Don’t “Should” Yourself
This blog comes to you from a very natural place. I wrote it once I felt compelled to write it. I wanted to write it. Is it in front of you now? Yes. Did I enjoy the process because I wasn’t forcing myself to write it? Absolutely yes. But in the build up to writing it, I had to combat that voice creeping in with the haunting word “should”. You should be writing this blog. You should submit it quicker. You should do this with more urgency. (Something you should read more about in our Disrupting Urgency Culture blog)
This voice creeps in all over the place. “You should go to sleep earlier.” “You should make dinner more often.” “You should go for that new promotion.”
Are all those things true? Maybe. Does judging myself with the word “should” help? Absolutely not. It’s imposing guilt, there’s a judgment to it. My guilt trip isn’t ultimately motivating. In fact it often ends up having a negative association that makes me subconsciously more resistant to do those behaviors because I feel badly about them. “I didn’t go to sleep earlier tonight like I said I should. I’m terrible for staying up too late. When will I learn?!”
Does this sound familiar to you? Before we out-right push “should” out the door, examine the should.
Whose voice is it saying you should do something? Rarely does it originate with you. You learned that word at some point. Whether a family member, friend, or boss, it’s someone, maybe it’s several people, and it’s likely been said to you throughout your life. What that voice is telling you you should do, are values imposed on you by someone else. Either what they’ve explicitly expressed or what you perceive to be their values. “You should go to sleep earlier.” Thanks, mom. That’s childhood me who needed an earlier bedtime, adult me is fine. Going to bed early is not one of my values. This is probably why I don’t go to bed earlier, not because I’m a failure as a human.
If it is one of your values, look out for “but” and replace it with the “why”. “I should make my dinner more, but I’m just too tired at the end of the day.” Why do you want to do this? For me it’s to be healthier and save money. It helps to be reminded of that. “I want to be healthier and save money, I’m going to make my dinner more.”
Did you spot that new word in lieu of “should”? Want. What is it you want? Ultimately framing a “want” is more motivating. This is closely tied to values. I value my health and frugalness which is ultimately my why for making dinner, not that someone else told me I should.
As we enter goal setting season, keep your wants in mind. Start there. If you’re not sure what you want, coming up with your values is a great guidepost. What are your actual values? See previous blog about Personal Values as a Compass
As an example, let’s focus on work. Come up with the five most important things about your work to you. You can make a quick list and then refine. For me it’s flexibility, passion, creativity, colleagues, and money. In that exact order.

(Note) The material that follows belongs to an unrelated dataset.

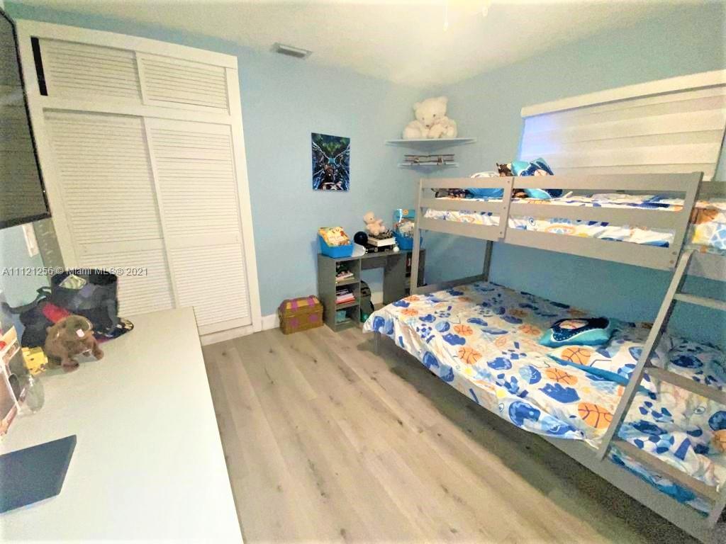 Beautiful 3/2 single family home with LED lighting and fans throughout. An area was converted as an additional bedroom, making it a 4-bedroom home. Many updates such as luxury vinyl floors with modern base boards. Guest bathroom which leads to pool was remodeled (2020), brand new energy efficient 5 ton Rheem AC under warranty, exterior Rinnai tankless gas water heater (installed in 2020), Roof under warranty (installed 2018), garage has been converted into large family area which has a new mini-split A/C unit and central cooling, impact resistant garage door (installed in 2019) with Lift Master garage door motor. Kitchen has been updated with quartz countertops and a beautiful backsplash, new and spacious laundry room with Samsung Washer & Dryer. Too many upgrades to list.

When writing my 2023 goals this past year, I didn’t take my values into consideration. I listed getting a promotion as a top personal goal for the year, because I thought that’s what I should do. It’s what a previous manager encouraged in me based on their values, and getting promoted is often what’s associated with success. I listed this for my goal thinking my manager wanted to see that. But this wasn’t aligned with my own values. Making money is important to me, but it’s not the most important thing to me in work, flexibility is. Getting a promotion would take away my flexibility which would take me further away from what I really want.
By coming up with your values, you’ll gain greater clarity in your true goals. Take out the guilt and negative expectations of “should” and give yourself the agency of what you actually want.